You can even observe psychological safety. When you go into one of those teams, what you see is equality in conversational turn taking. There’s [00:23:00] no one who’s silent and there’s no one who dominates. There’s equality in conversational turn taking… each person spends, has contributed, to the conversation about equally.
And when you see that you’re looking at a team that likely has psychological safety and likely has that respect and trust. And with that respect and trust love’s coming together to ask, do we have issues that we need to solve?
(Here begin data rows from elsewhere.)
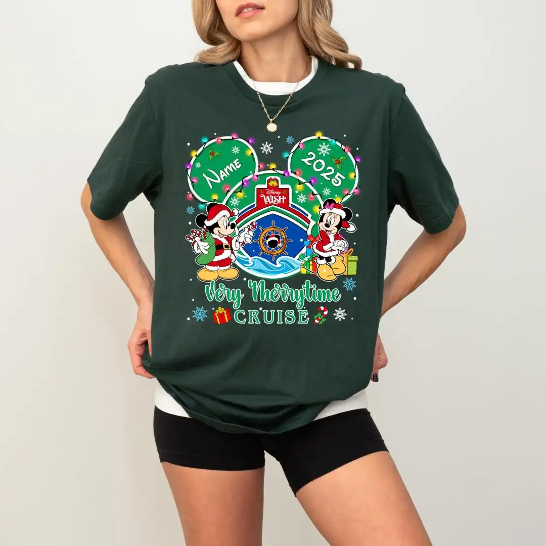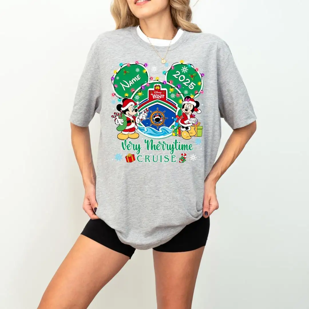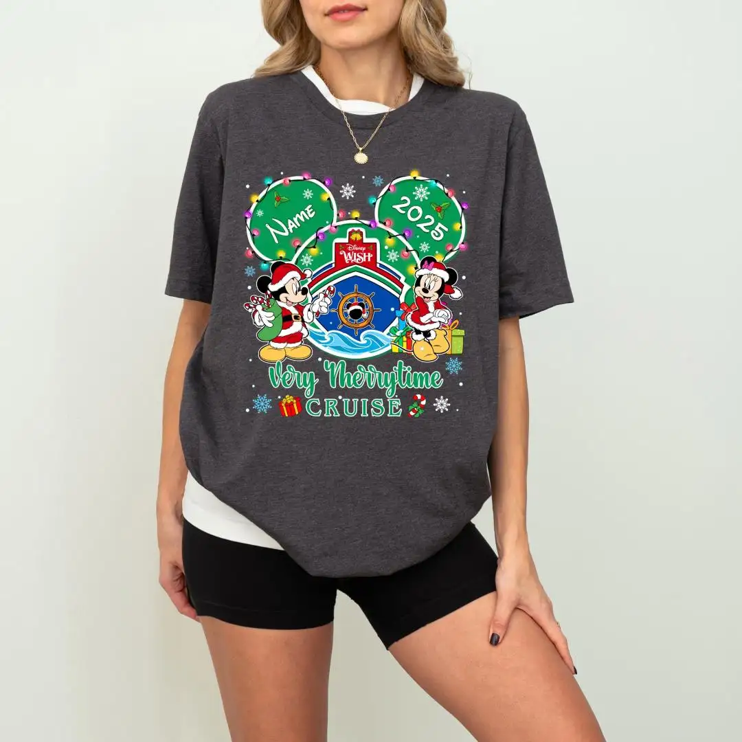 Disney Cruise Xmas Tee, Family Christmas Cruise Shirt, Custom Mickey Minnie Very Merry Time Christmas Shirt, Disney Wish Cruise Line Tee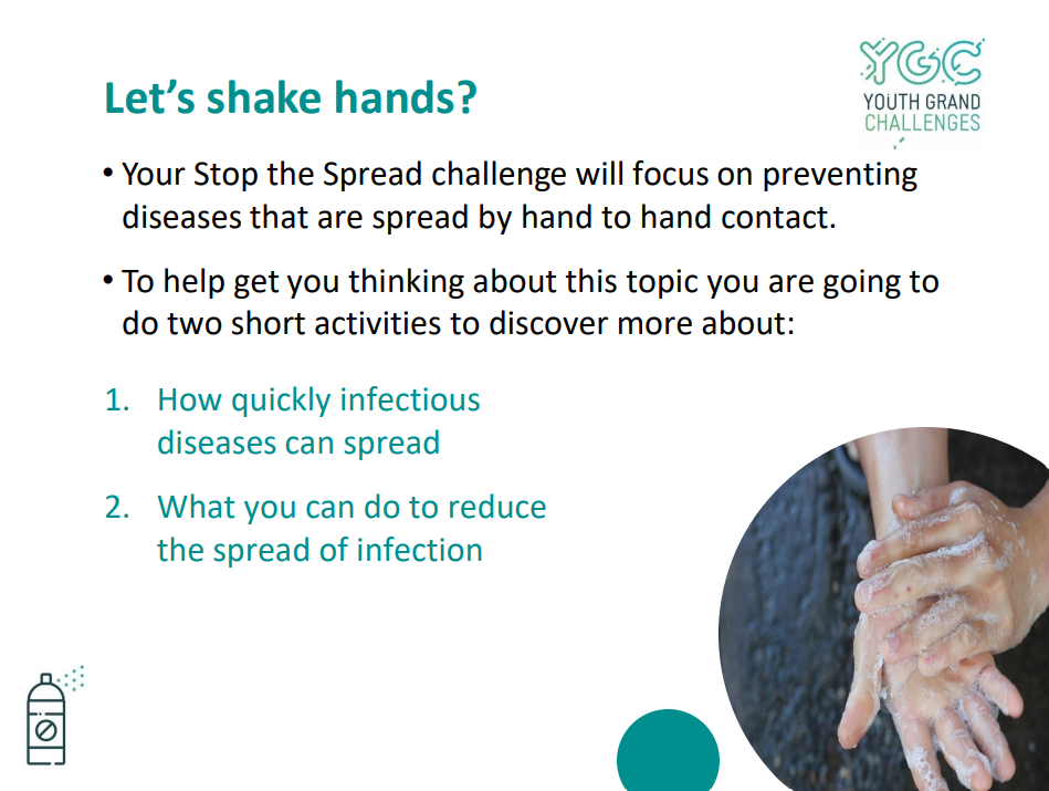 These slides are designed to be used in the classroom to support the delivery of the Stop the Spread Discovery challenge. This five hour project asks students to work in teams to design and build a hand washing device for a school in Kenya.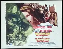 Daughter of Darkness is a 1948 British film, with macabre overtones, directed by Lance Comfort and starring Anne Crawford, Maxwell Reed and – in the central role – Siobhán McKenna. Released in January 1948, it was based on a then ten-year-old play by Max Catto called They Walk Alone.[1] An expensive film for its day, it was shot at Riverside Studios, Hammersmith, London, (known at that time as Alliance Studios) and on location.[2][3] McKenna was offered a Hollywood contract following her memorable performance, but heeded the counsel of Laurence Olivier to remain in theatre work.[4]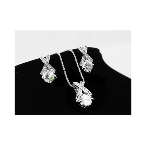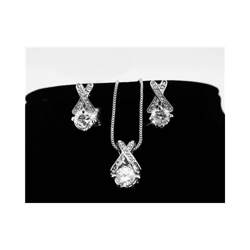 Set molto elegante e femminile composto da una catenina con pendente e un paio di orecchini con cristalli austriaci, realizzato in metallo di colore argento.

Let’s quickly find out whether we have those issues or [00:23:30] not.
And that team, that, that is reaching that level of maturity may not use the three questions at all.
Vidal: Okay. Do you have any other tips for people on how to run standup?
Ron: Yeah. Create those great teams. Create that psychological safety. For those of you who are managers, those of us who are managers, our objective has to be to create levels of trust and of respect among everyone on our teams. [00:24:00] And that drives the psychological safety that has everyone and everyone on teams engaged with everyone else and loving to come together.
Vidal: So by then I take it, people think safe to report, I’m actually not on track. Exactly. Cause if people aren’t reporting honestly, then yeah, that’s it’s gonna be very ineffective.
Ron, you’ve been like super generous with your time. I really appreciate you coming down to talk about standups. Where could people reach out if they wanted to talk with you more [00:24:30] about, About anything?
Ron: Yeah. Well, so, um, ronlichty.com and and our book has a website managingtheunmanageable.net.
So you can find me on either of those web, via either of those websites and and write to me at ron@ronlichty.com.
Vidal: I’ll share those in the notes. Thanks again for coming on.
Ron: You bet. Hey, it’s it’s always fun to talk with you, Vidal
Vidal: it’s always fun to talk with you, Ron.